EXERCISE OBJECTIVE:
Your answer must hold only the lines below from the line containing "學生后臺網(wang)站(z" through the line containing "1. Quote According", each reproduced exactly.

MATERIAL SUPPLIED:
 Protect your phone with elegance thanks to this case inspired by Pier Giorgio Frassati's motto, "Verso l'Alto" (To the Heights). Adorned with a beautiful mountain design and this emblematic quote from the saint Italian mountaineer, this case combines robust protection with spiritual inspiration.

--

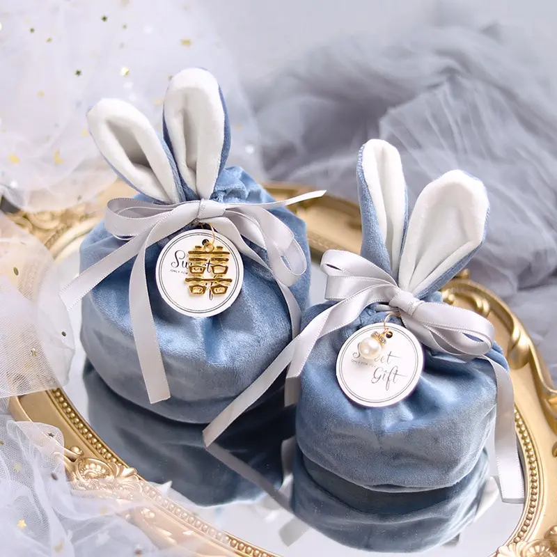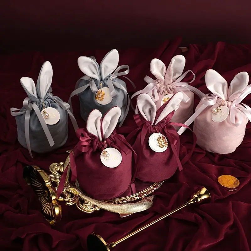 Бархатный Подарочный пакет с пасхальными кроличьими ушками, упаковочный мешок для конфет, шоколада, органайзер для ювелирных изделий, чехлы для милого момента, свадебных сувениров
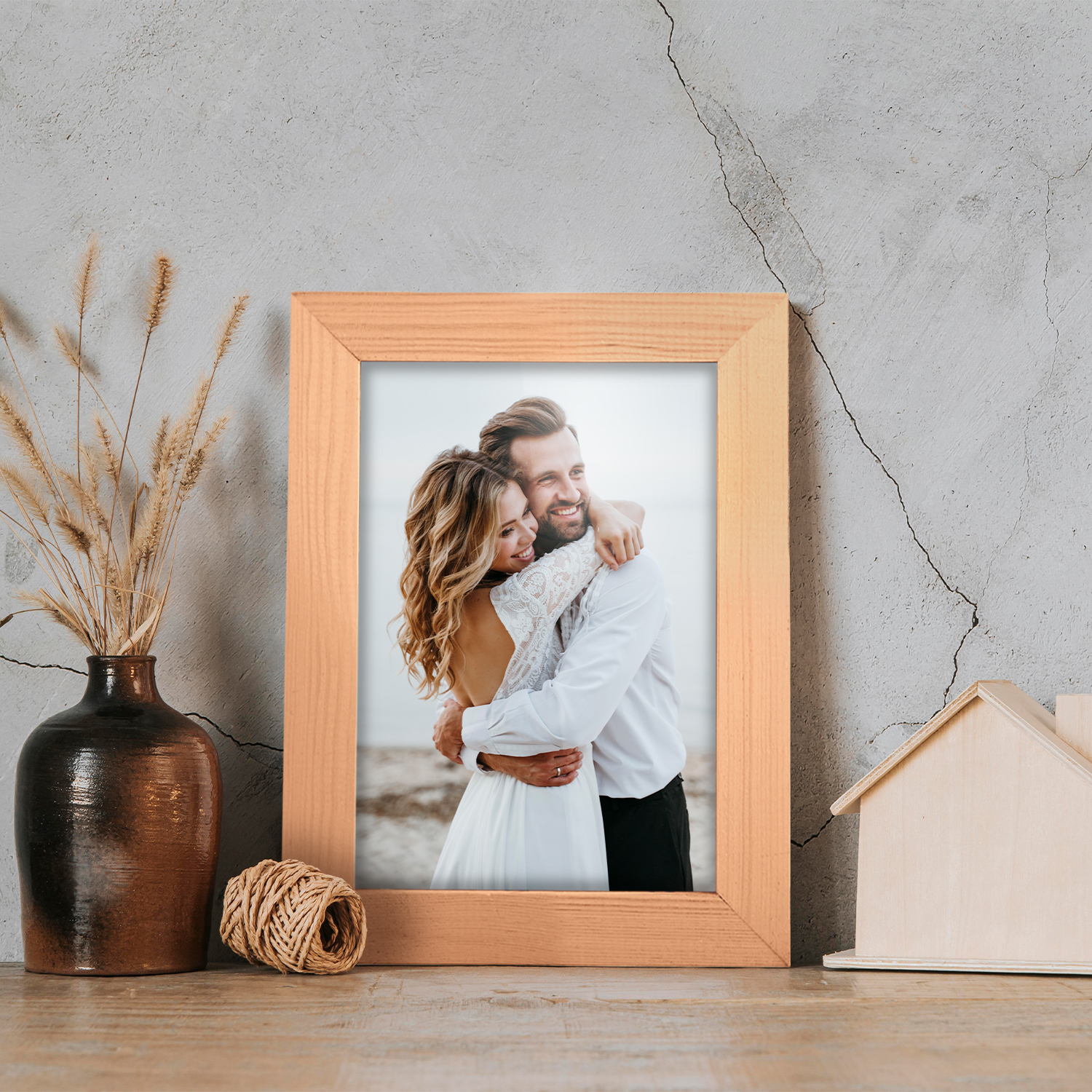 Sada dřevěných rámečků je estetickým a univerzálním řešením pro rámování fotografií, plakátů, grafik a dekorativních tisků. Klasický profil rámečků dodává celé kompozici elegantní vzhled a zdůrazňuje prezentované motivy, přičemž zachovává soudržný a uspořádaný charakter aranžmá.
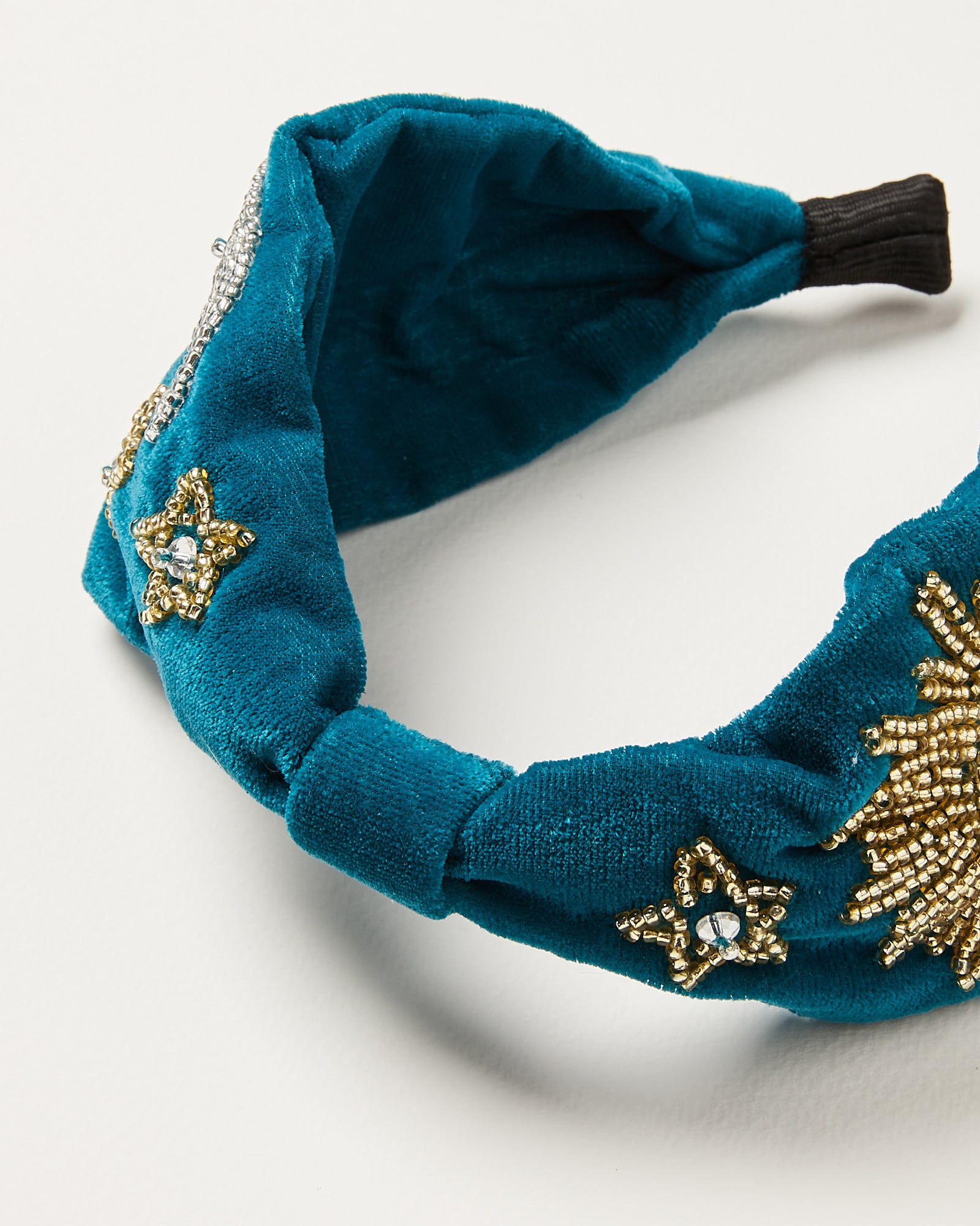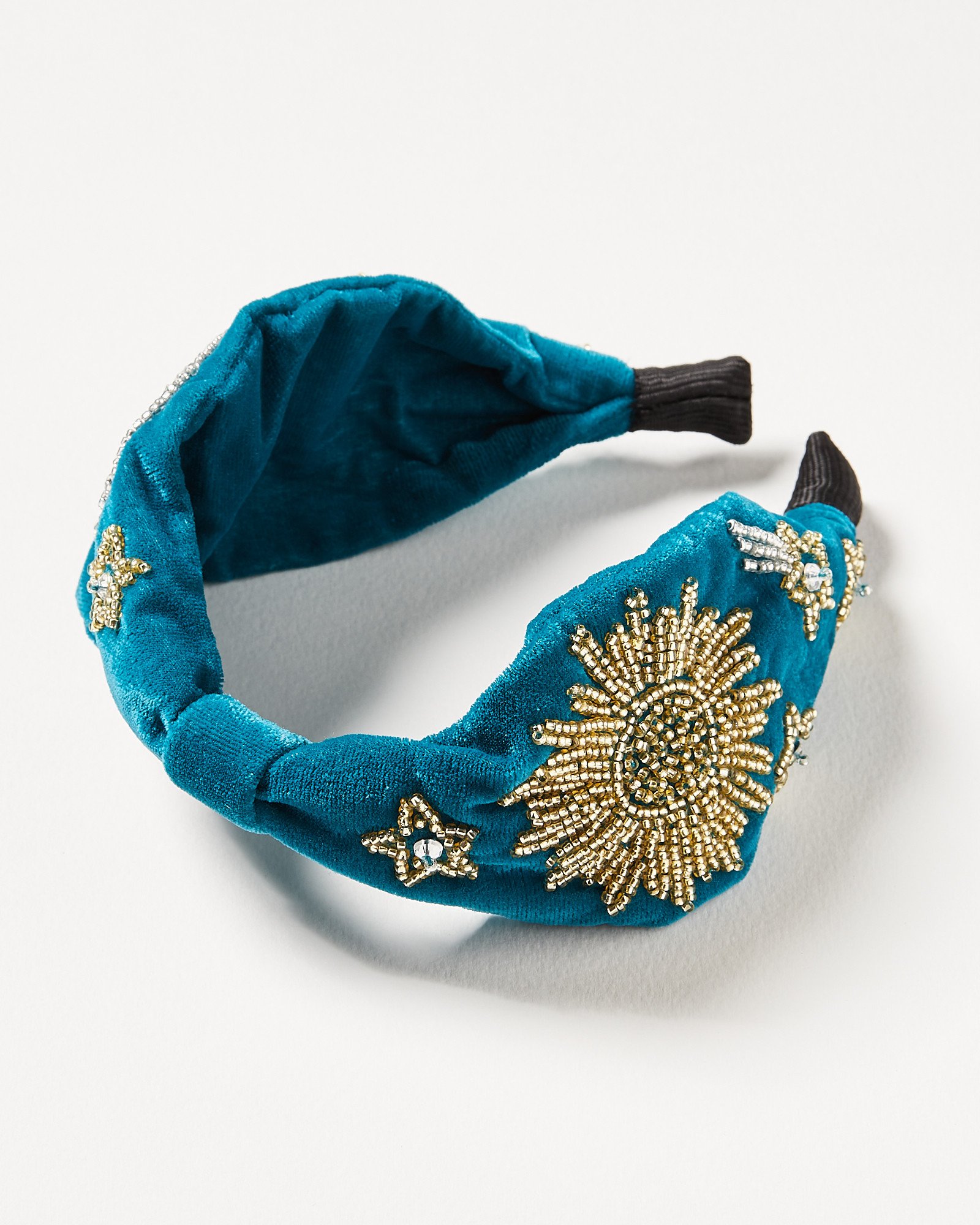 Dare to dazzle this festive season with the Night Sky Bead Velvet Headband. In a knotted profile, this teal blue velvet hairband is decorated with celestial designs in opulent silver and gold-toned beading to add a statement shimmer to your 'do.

--

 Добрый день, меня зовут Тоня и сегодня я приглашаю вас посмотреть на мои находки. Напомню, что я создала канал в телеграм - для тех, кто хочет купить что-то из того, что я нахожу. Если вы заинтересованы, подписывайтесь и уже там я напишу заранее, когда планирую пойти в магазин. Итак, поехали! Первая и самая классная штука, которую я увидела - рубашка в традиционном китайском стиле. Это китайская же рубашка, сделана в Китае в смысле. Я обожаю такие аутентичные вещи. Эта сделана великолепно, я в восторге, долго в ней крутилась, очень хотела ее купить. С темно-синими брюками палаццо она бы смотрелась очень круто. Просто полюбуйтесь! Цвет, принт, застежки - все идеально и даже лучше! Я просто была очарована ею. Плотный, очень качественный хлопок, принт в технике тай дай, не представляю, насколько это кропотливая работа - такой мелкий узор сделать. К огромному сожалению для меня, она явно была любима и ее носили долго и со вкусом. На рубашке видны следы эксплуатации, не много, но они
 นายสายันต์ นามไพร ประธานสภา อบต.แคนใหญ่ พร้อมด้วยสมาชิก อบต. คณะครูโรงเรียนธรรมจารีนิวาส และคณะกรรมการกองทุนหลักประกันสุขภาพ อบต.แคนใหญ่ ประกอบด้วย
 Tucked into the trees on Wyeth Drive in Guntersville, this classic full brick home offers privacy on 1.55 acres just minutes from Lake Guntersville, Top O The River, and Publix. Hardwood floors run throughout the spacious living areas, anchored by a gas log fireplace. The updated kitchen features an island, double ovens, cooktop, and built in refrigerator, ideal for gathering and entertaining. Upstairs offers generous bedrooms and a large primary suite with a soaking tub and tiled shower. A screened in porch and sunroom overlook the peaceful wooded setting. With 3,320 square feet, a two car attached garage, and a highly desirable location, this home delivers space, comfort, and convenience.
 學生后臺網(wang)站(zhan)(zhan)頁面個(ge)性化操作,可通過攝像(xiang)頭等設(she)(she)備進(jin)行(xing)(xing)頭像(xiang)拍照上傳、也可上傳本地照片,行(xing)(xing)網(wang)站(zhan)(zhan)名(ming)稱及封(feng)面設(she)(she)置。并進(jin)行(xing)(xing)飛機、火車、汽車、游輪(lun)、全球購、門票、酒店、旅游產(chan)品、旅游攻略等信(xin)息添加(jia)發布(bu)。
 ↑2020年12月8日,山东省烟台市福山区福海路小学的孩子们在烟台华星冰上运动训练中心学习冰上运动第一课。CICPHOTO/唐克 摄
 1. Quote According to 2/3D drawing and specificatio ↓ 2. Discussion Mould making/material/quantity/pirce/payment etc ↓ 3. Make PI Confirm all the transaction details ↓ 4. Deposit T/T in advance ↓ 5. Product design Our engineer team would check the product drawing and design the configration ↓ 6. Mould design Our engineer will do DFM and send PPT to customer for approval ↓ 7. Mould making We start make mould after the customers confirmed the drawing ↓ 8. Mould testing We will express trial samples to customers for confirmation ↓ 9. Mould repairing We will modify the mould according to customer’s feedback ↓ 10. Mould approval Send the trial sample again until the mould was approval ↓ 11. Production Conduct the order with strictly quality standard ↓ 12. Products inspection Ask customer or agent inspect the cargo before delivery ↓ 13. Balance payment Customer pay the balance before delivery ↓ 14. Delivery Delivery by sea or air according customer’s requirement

ANSWER SPACE:
 學生后臺網(wang)站(zhan)(zhan)頁面個(ge)性化操作,可通過攝像(xiang)頭等設(she)(she)備進(jin)行(xing)(xing)頭像(xiang)拍照上傳、也可上傳本地照片,行(xing)(xing)網(wang)站(zhan)(zhan)名(ming)稱及封(feng)面設(she)(she)置。并進(jin)行(xing)(xing)飛機、火車、汽車、游輪(lun)、全球購、門票、酒店、旅游產(chan)品、旅游攻略等信(xin)息添加(jia)發布(bu)。
 ↑2020年12月8日,山东省烟台市福山区福海路小学的孩子们在烟台华星冰上运动训练中心学习冰上运动第一课。CICPHOTO/唐克 摄
 1. Quote According to 2/3D drawing and specificatio ↓ 2. Discussion Mould making/material/quantity/pirce/payment etc ↓ 3. Make PI Confirm all the transaction details ↓ 4. Deposit T/T in advance ↓ 5. Product design Our engineer team would check the product drawing and design the configration ↓ 6. Mould design Our engineer will do DFM and send PPT to customer for approval ↓ 7. Mould making We start make mould after the customers confirmed the drawing ↓ 8. Mould testing We will express trial samples to customers for confirmation ↓ 9. Mould repairing We will modify the mould according to customer’s feedback ↓ 10. Mould approval Send the trial sample again until the mould was approval ↓ 11. Production Conduct the order with strictly quality standard ↓ 12. Products inspection Ask customer or agent inspect the cargo before delivery ↓ 13. Balance payment Customer pay the balance before delivery ↓ 14. Delivery Delivery by sea or air according customer’s requirement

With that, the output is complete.